**ABOUT THIS EXERCISE**
Please repeat the whole listing exactly, but leave the pictures out.

**DATASET SECTION**
§

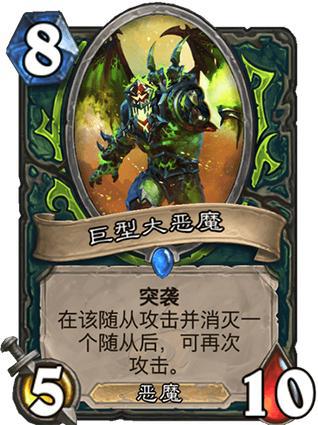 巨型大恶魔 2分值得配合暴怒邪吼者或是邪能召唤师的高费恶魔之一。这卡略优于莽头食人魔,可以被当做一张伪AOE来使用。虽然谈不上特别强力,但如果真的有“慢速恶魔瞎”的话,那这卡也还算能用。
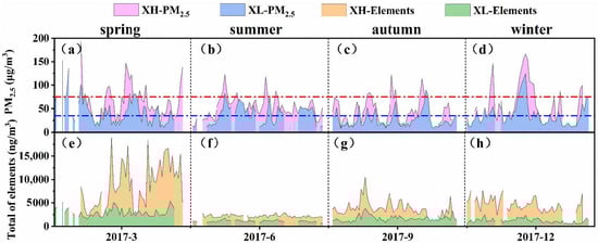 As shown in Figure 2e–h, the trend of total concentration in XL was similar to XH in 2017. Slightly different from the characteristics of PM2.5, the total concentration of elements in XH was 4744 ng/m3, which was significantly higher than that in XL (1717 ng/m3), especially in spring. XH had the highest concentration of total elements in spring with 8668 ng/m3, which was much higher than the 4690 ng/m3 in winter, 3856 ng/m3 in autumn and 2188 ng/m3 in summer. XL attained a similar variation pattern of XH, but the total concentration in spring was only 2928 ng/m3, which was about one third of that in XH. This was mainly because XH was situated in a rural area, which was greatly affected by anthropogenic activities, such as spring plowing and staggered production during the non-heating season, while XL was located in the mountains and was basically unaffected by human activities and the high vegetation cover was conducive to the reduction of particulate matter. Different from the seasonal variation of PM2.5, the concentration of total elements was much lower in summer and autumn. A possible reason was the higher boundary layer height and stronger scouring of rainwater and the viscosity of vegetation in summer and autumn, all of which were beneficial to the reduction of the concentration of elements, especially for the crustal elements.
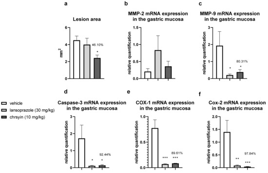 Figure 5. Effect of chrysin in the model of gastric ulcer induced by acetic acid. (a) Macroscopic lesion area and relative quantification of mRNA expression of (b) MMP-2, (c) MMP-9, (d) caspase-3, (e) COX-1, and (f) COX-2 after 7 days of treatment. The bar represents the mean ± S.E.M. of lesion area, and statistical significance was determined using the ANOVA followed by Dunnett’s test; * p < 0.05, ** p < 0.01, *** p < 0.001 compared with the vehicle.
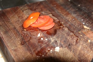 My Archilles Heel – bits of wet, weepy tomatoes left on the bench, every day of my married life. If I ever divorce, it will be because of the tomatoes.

§

**RESULT OF THIS TASK**
 巨型大恶魔 2分值得配合暴怒邪吼者或是邪能召唤师的高费恶魔之一。这卡略优于莽头食人魔,可以被当做一张伪AOE来使用。虽然谈不上特别强力,但如果真的有“慢速恶魔瞎”的话,那这卡也还算能用。
 As shown in Figure 2e–h, the trend of total concentration in XL was similar to XH in 2017. Slightly different from the characteristics of PM2.5, the total concentration of elements in XH was 4744 ng/m3, which was significantly higher than that in XL (1717 ng/m3), especially in spring. XH had the highest concentration of total elements in spring with 8668 ng/m3, which was much higher than the 4690 ng/m3 in winter, 3856 ng/m3 in autumn and 2188 ng/m3 in summer. XL attained a similar variation pattern of XH, but the total concentration in spring was only 2928 ng/m3, which was about one third of that in XH. This was mainly because XH was situated in a rural area, which was greatly affected by anthropogenic activities, such as spring plowing and staggered production during the non-heating season, while XL was located in the mountains and was basically unaffected by human activities and the high vegetation cover was conducive to the reduction of particulate matter. Different from the seasonal variation of PM2.5, the concentration of total elements was much lower in summer and autumn. A possible reason was the higher boundary layer height and stronger scouring of rainwater and the viscosity of vegetation in summer and autumn, all of which were beneficial to the reduction of the concentration of elements, especially for the crustal elements.
 Figure 5. Effect of chrysin in the model of gastric ulcer induced by acetic acid. (a) Macroscopic lesion area and relative quantification of mRNA expression of (b) MMP-2, (c) MMP-9, (d) caspase-3, (e) COX-1, and (f) COX-2 after 7 days of treatment. The bar represents the mean ± S.E.M. of lesion area, and statistical significance was determined using the ANOVA followed by Dunnett’s test; * p < 0.05, ** p < 0.01, *** p < 0.001 compared with the vehicle.
 My Archilles Heel – bits of wet, weepy tomatoes left on the bench, every day of my married life. If I ever divorce, it will be because of the tomatoes.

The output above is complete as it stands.